**Exercise objective:**
Up to and including the line that contains "- It is easy", repeat each line of the data exactly, starting from the first.
*** Opening of Data to examine ***
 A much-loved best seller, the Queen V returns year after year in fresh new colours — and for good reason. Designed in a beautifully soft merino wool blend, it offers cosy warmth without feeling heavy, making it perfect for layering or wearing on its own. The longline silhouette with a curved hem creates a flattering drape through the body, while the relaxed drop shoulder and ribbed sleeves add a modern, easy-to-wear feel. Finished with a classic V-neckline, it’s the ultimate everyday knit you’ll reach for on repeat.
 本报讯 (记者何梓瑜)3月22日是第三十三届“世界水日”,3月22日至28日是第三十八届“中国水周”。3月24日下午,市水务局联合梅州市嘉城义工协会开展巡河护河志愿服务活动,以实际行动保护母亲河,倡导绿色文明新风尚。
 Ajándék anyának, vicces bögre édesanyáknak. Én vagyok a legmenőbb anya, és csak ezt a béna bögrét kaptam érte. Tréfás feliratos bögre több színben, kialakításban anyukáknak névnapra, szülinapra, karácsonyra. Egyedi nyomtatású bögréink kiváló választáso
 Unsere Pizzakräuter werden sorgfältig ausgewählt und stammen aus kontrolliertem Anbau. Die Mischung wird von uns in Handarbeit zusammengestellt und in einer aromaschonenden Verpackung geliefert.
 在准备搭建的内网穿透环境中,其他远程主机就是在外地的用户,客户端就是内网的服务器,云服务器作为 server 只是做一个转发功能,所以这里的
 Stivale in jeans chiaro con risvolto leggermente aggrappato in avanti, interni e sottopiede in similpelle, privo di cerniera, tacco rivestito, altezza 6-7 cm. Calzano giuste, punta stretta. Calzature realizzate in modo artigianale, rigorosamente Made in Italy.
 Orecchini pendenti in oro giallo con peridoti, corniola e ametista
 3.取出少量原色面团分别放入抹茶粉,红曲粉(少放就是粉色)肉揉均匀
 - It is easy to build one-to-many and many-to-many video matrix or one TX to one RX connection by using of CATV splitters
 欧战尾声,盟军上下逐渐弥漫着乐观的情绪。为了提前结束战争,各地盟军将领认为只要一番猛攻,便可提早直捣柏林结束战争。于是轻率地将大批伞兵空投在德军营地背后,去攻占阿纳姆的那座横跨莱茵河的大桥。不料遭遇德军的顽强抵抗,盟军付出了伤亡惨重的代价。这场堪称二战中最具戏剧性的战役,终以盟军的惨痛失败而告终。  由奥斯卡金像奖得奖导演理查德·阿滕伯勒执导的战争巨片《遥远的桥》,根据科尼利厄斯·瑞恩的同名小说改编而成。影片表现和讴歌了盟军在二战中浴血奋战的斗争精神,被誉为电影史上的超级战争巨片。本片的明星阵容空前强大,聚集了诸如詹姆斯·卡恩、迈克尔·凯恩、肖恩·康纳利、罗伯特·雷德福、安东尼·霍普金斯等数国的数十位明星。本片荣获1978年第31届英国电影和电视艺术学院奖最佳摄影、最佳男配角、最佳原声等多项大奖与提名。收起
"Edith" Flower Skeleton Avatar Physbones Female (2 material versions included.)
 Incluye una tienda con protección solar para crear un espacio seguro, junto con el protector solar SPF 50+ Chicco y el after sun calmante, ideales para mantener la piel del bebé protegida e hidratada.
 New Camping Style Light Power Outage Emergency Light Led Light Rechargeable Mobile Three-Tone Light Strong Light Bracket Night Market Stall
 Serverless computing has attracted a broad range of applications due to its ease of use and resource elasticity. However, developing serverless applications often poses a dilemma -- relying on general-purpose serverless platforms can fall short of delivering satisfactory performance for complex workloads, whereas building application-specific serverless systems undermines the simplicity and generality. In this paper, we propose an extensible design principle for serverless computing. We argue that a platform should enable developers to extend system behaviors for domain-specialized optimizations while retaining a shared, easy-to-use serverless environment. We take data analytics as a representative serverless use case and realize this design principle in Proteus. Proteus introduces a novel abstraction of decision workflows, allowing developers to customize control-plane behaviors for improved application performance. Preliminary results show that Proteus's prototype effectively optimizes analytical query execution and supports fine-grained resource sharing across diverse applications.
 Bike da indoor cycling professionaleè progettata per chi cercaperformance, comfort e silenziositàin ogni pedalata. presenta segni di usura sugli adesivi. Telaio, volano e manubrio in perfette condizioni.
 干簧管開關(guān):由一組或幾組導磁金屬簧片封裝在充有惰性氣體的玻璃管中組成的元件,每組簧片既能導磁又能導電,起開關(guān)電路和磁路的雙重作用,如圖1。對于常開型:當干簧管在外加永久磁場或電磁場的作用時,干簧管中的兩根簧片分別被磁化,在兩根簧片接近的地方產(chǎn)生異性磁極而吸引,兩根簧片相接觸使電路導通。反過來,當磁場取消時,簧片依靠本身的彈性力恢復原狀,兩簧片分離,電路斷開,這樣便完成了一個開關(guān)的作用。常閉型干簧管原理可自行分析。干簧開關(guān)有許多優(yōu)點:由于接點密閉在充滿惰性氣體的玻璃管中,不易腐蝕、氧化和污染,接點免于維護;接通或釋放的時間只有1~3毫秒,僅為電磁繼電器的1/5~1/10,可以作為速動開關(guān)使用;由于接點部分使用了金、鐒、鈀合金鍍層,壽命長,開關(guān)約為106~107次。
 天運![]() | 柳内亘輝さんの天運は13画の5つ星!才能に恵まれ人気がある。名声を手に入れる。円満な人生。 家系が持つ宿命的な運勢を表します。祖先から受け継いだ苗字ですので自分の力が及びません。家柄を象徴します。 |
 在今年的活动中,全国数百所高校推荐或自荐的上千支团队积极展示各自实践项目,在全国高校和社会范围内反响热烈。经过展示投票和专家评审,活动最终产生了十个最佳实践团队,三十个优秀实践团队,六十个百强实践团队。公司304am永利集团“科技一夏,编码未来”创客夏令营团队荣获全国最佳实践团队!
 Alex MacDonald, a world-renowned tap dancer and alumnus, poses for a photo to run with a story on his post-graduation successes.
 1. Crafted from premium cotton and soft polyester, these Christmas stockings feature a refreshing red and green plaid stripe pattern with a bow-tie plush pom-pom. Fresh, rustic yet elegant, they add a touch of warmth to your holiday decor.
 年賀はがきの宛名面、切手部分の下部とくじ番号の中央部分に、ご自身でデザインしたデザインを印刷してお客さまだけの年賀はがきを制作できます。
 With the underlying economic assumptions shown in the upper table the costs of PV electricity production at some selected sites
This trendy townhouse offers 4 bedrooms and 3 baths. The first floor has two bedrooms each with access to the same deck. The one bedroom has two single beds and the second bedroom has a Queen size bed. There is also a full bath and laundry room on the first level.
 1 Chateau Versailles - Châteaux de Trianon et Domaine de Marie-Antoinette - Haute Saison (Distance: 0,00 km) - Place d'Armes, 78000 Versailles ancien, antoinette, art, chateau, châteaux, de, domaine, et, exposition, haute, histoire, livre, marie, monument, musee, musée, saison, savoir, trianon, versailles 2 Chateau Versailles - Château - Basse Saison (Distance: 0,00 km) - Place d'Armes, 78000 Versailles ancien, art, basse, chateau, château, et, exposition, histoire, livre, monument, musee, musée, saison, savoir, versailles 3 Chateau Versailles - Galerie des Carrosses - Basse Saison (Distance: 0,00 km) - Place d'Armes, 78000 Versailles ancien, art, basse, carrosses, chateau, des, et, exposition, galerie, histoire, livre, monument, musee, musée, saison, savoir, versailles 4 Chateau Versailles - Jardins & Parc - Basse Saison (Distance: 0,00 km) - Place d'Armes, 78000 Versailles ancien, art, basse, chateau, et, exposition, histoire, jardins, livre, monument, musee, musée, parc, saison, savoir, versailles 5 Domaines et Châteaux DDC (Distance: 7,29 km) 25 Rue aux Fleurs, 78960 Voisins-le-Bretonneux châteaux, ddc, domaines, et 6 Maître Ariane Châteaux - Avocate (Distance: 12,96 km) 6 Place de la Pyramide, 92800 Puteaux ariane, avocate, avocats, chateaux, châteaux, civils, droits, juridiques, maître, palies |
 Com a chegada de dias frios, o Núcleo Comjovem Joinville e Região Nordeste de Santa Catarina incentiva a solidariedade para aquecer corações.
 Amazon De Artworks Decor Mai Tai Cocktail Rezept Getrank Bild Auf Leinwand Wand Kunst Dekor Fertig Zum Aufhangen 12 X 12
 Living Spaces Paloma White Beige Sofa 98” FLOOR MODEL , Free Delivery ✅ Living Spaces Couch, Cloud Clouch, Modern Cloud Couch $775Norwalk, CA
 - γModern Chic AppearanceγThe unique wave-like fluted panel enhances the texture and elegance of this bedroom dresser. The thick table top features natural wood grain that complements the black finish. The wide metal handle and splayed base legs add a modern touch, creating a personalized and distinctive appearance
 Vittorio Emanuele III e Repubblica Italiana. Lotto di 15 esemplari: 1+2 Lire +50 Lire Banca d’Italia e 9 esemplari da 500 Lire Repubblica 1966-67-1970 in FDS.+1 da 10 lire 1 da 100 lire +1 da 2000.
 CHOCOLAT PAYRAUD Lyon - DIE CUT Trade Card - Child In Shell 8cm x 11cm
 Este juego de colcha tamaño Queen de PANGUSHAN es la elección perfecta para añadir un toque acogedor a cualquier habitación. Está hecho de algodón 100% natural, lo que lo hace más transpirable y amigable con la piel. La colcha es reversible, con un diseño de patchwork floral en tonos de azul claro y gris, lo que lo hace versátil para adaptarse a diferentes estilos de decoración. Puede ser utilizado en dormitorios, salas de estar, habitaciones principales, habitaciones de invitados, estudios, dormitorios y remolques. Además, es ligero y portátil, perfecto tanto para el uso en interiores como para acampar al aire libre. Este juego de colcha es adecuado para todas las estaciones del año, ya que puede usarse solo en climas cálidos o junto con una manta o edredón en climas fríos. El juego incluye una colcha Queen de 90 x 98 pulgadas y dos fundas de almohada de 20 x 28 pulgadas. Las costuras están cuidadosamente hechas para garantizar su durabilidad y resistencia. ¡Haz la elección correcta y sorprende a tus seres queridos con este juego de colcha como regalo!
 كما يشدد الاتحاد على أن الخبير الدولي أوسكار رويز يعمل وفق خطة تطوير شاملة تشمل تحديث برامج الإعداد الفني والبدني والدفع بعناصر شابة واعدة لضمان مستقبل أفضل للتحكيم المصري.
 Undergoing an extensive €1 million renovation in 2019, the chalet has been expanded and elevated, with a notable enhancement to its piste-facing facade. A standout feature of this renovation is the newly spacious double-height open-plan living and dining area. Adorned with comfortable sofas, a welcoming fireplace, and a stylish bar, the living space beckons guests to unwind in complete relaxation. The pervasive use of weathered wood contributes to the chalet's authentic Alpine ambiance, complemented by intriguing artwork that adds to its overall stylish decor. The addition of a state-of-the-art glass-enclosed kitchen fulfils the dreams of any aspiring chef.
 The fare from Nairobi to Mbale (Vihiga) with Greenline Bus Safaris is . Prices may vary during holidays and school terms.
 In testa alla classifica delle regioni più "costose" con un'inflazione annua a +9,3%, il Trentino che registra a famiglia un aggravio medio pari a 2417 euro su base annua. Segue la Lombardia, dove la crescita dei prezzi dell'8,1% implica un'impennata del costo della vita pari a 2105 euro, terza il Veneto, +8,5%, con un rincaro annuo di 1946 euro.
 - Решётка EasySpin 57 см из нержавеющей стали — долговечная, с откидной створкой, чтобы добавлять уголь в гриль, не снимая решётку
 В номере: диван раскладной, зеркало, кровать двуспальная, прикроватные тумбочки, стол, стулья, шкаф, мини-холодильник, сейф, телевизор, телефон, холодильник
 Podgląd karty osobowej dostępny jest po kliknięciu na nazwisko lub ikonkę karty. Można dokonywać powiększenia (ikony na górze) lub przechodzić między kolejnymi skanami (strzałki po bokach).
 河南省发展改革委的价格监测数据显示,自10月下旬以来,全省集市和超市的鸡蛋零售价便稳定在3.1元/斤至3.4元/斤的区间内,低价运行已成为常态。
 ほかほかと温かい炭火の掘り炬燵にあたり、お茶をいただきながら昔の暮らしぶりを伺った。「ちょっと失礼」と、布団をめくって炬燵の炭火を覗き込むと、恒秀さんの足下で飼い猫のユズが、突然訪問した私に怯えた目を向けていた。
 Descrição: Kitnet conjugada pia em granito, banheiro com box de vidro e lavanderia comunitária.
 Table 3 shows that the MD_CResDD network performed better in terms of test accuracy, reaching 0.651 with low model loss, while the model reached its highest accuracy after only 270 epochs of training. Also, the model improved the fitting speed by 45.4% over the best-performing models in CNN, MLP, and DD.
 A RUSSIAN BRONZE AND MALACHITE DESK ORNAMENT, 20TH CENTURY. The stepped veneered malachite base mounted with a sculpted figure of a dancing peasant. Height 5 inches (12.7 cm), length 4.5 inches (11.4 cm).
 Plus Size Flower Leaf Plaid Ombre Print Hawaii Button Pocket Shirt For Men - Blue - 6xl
*** Close of Data to examine ***
**Result of the exercise:**
 A much-loved best seller, the Queen V returns year after year in fresh new colours — and for good reason. Designed in a beautifully soft merino wool blend, it offers cosy warmth without feeling heavy, making it perfect for layering or wearing on its own. The longline silhouette with a curved hem creates a flattering drape through the body, while the relaxed drop shoulder and ribbed sleeves add a modern, easy-to-wear feel. Finished with a classic V-neckline, it’s the ultimate everyday knit you’ll reach for on repeat.
 本报讯 (记者何梓瑜)3月22日是第三十三届“世界水日”,3月22日至28日是第三十八届“中国水周”。3月24日下午,市水务局联合梅州市嘉城义工协会开展巡河护河志愿服务活动,以实际行动保护母亲河,倡导绿色文明新风尚。
 Ajándék anyának, vicces bögre édesanyáknak. Én vagyok a legmenőbb anya, és csak ezt a béna bögrét kaptam érte. Tréfás feliratos bögre több színben, kialakításban anyukáknak névnapra, szülinapra, karácsonyra. Egyedi nyomtatású bögréink kiváló választáso
 Unsere Pizzakräuter werden sorgfältig ausgewählt und stammen aus kontrolliertem Anbau. Die Mischung wird von uns in Handarbeit zusammengestellt und in einer aromaschonenden Verpackung geliefert.
 在准备搭建的内网穿透环境中,其他远程主机就是在外地的用户,客户端就是内网的服务器,云服务器作为 server 只是做一个转发功能,所以这里的
 Stivale in jeans chiaro con risvolto leggermente aggrappato in avanti, interni e sottopiede in similpelle, privo di cerniera, tacco rivestito, altezza 6-7 cm. Calzano giuste, punta stretta. Calzature realizzate in modo artigianale, rigorosamente Made in Italy.
 Orecchini pendenti in oro giallo con peridoti, corniola e ametista
 3.取出少量原色面团分别放入抹茶粉,红曲粉(少放就是粉色)肉揉均匀
 - It is easy to build one-to-many and many-to-many video matrix or one TX to one RX connection by using of CATV splitters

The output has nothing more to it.